The Sunset Branch

The seagreen due-date slip slithers from
my pile of papers and unread books.
When do we find ourselves, and where?
DO NOT REMOVE THIS CARD
It must hail from the books I stole
in the bloody days of Saigon and Jackson State.

We work to separate dread from dread.
In life, of life, joy from perilous joy.
TEN CENTS CHARGED IF LOST
Books mark us for good but don’t always help.
Facts, moments, cravings, and loss
storm our days. The aimless slip overlies

the films that played the long-gone Surf,
far out the Avenues, farther out the Sunset
than my library. In row eight, next to me,
Mifune sulks and grunts. Outside, the fog
straps street lamps and the Surf’s marquee.
But what book was it? What did it do to me?

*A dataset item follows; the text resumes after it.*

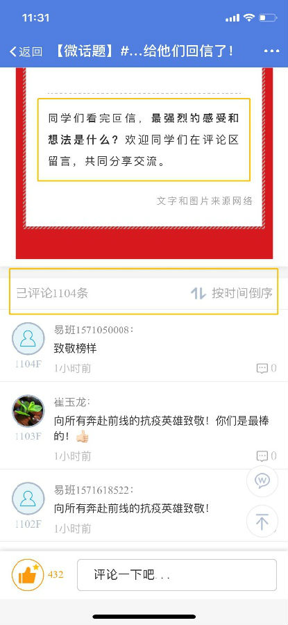 该活动发起后,同学们积极参与,当天共有1000多名同学参与留言,阅读量超3000。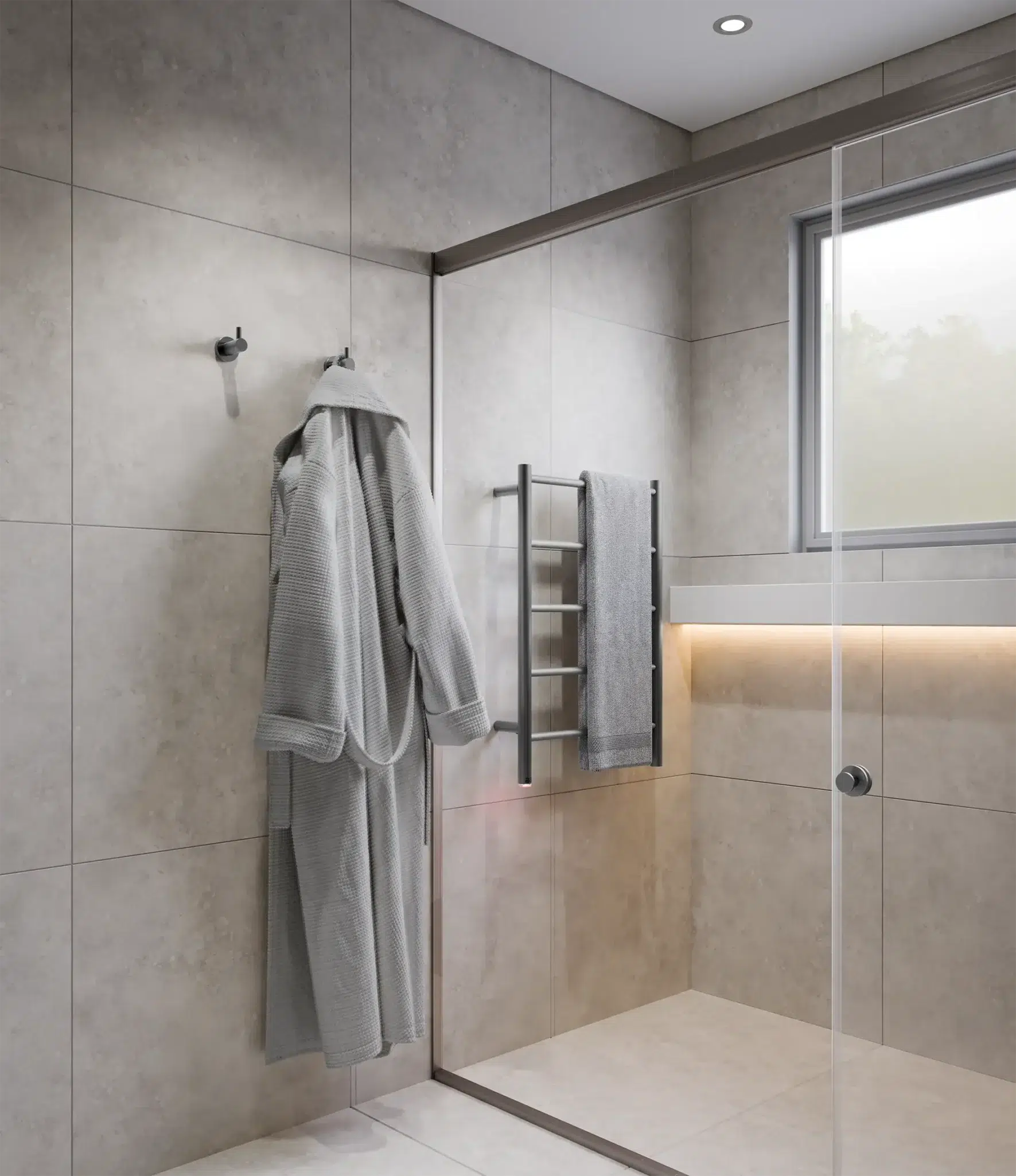 Discover modern allure. Embrace the refined, cool charm of Brushed Graphite Bathroom Accessories and Heated Towel Rails—a finish that effortlessly marries contemporary sophistication with timeless elegance. Perfect for creating a striking focal point, its understated yet magnetic appeal transforms your bathroom into a haven of modern luxury.

I must have broken its spine there,
underlined what seemed momentous then.
Books replaced childhood’s confessionals,
our shuttered, whispery theatres of sin.
Nostalgia sickens but delivers us.
We want to be sick, delivered from

the moment, our only real home. I stole
to keep books close, like Hardy’s poems,
Down their carved names the rain-drop ploughs.
Be keen. Beware unwanted visitors.
Remembrance takes fools hostage. Keep close
what mystifies and justifies.

I still desire stolen secrecies
and am hostage to what maybe never was.
Reveries and revenants. A memory,
this memory, burns the moment, this time
of mine that doesn’t belong to me but is me.
The rapturous due date’s long overdue.